▸ EXERCISE DETAILS
All of the lines below need to be copied exactly, apart from the pictures.

▸ DATASET SECTION

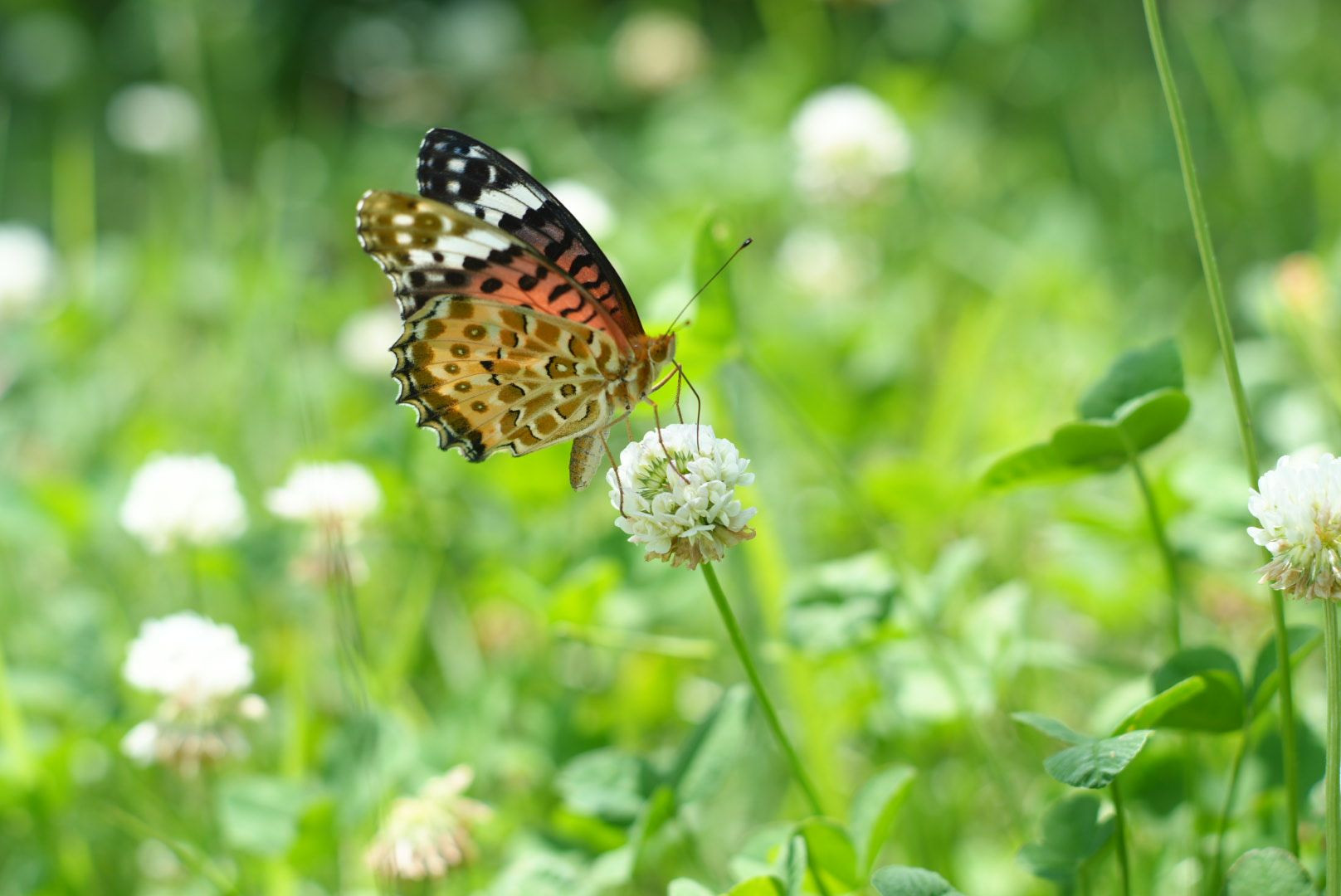 シロツメクサでツマグロヒョウモンが食事中です。 50mm F2 の絞り優先で撮影しました。
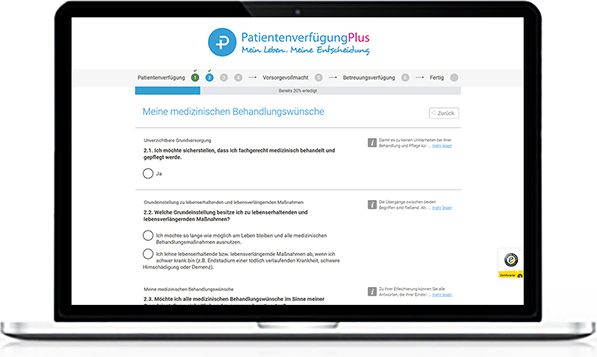 Erstellen Sie Ihre persönliche Patientenverfügung ganz einfach rechtssicher und online bei PatientenverfügungPlus.
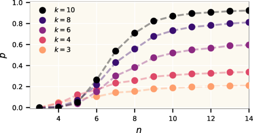 Полученные методом Монте-Карло вероятности k гамильтоновых нетранзитивных циклов в наборах из k костей как функция от числа граней n у каждой кости. Гамильтонов цикл в графе — «простой цикл, содержащий все вершины графа. Простым называется цикл, в последовательности вершин которого все вершины встречаются ровно один раз»4
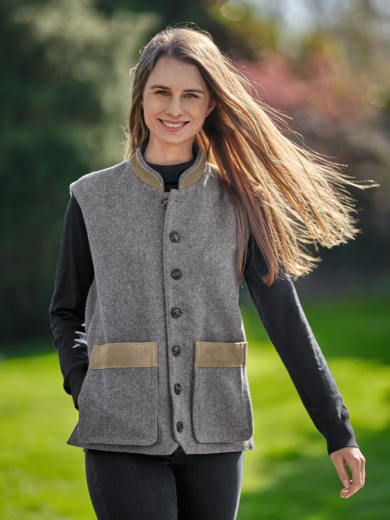 Das hochwertige Material überzeugt neben seiner Nachhaltigkeit auch durch zahlreiche praktische Vorteile. So ist der Loden sowohl klimaregulativ und atmungsaktiv als auch wärmend und antibakteriell. Erleichtert werden Gartenarbeiten außerdem durch die Außentaschenpaare der Weste. Die nach oben geöffneten Taschen stiften Platz und die zur Seite geöffneten Taschen wärmen an kälteren Tagen die Hände – im Garten, beim Strandspaziergang oder bei sonstigen Outdoor-Aktivitäten.

▸ ANSWER FOR THE TASK
 シロツメクサでツマグロヒョウモンが食事中です。 50mm F2 の絞り優先で撮影しました。
 Erstellen Sie Ihre persönliche Patientenverfügung ganz einfach rechtssicher und online bei PatientenverfügungPlus.
 Полученные методом Монте-Карло вероятности k гамильтоновых нетранзитивных циклов в наборах из k костей как функция от числа граней n у каждой кости. Гамильтонов цикл в графе — «простой цикл, содержащий все вершины графа. Простым называется цикл, в последовательности вершин которого все вершины встречаются ровно один раз»4
 Das hochwertige Material überzeugt neben seiner Nachhaltigkeit auch durch zahlreiche praktische Vorteile. So ist der Loden sowohl klimaregulativ und atmungsaktiv als auch wärmend und antibakteriell. Erleichtert werden Gartenarbeiten außerdem durch die Außentaschenpaare der Weste. Die nach oben geöffneten Taschen stiften Platz und die zur Seite geöffneten Taschen wärmen an kälteren Tagen die Hände – im Garten, beim Strandspaziergang oder bei sonstigen Outdoor-Aktivitäten.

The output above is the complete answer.